> EXERCISE
Would you reproduce the data below exactly, please, leaving out its images?

> COLLECTED DATA
%%
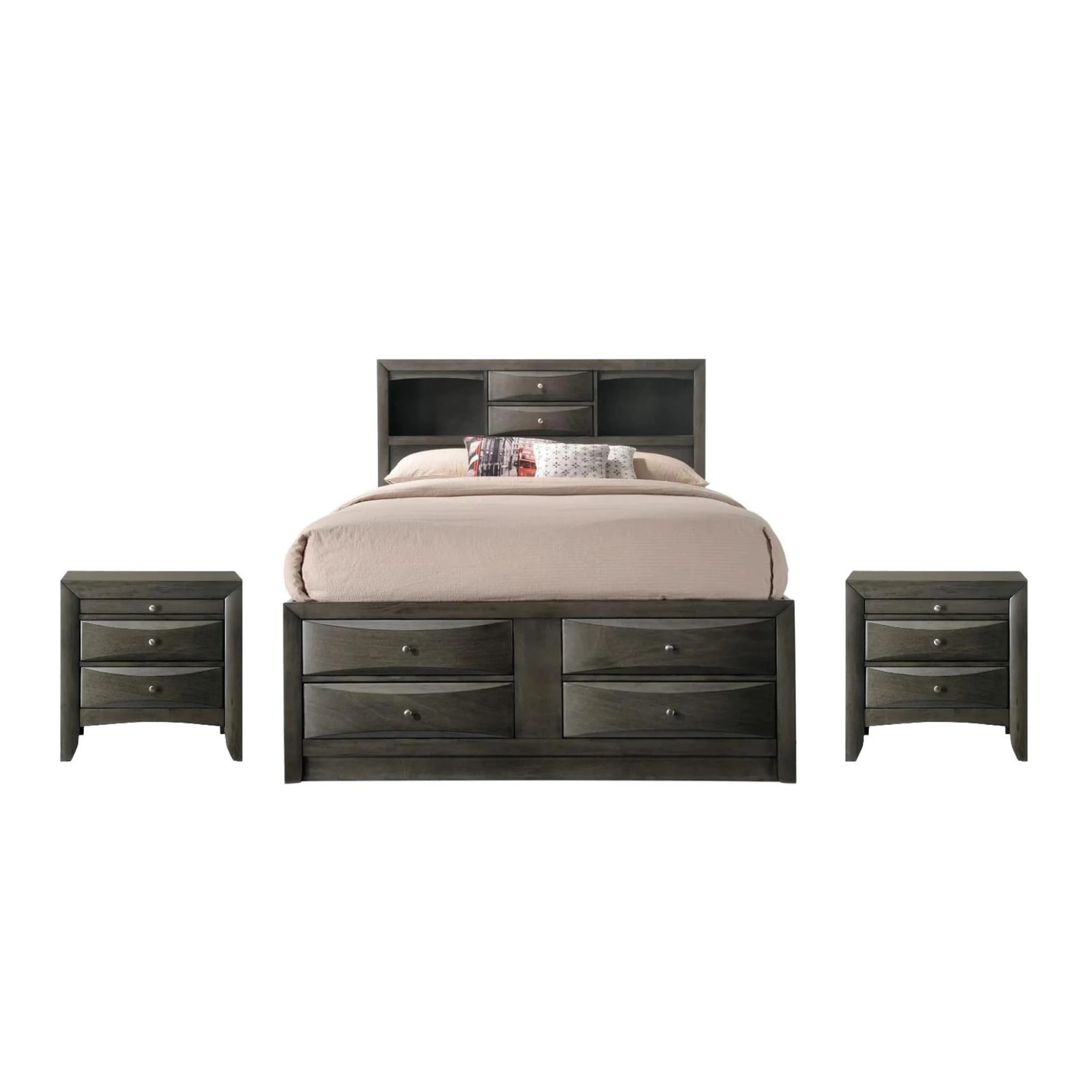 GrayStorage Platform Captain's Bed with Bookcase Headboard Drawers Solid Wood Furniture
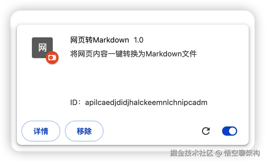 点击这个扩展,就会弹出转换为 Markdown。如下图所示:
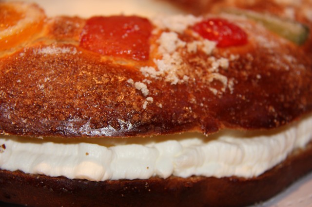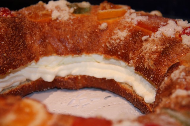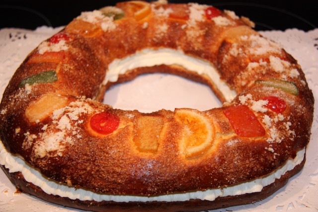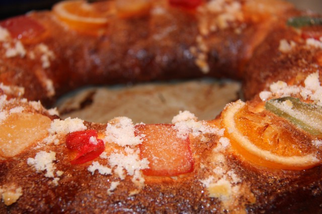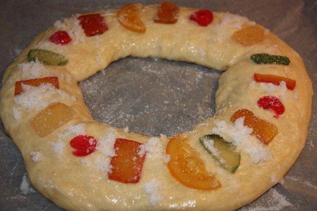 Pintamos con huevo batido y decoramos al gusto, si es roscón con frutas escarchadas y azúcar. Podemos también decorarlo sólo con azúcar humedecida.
%%
> WORKED SOLUTION
 GrayStorage Platform Captain's Bed with Bookcase Headboard Drawers Solid Wood Furniture
 点击这个扩展,就会弹出转换为 Markdown。如下图所示:
 Pintamos con huevo batido y decoramos al gusto, si es roscón con frutas escarchadas y azúcar. Podemos también decorarlo sólo con azúcar humedecida.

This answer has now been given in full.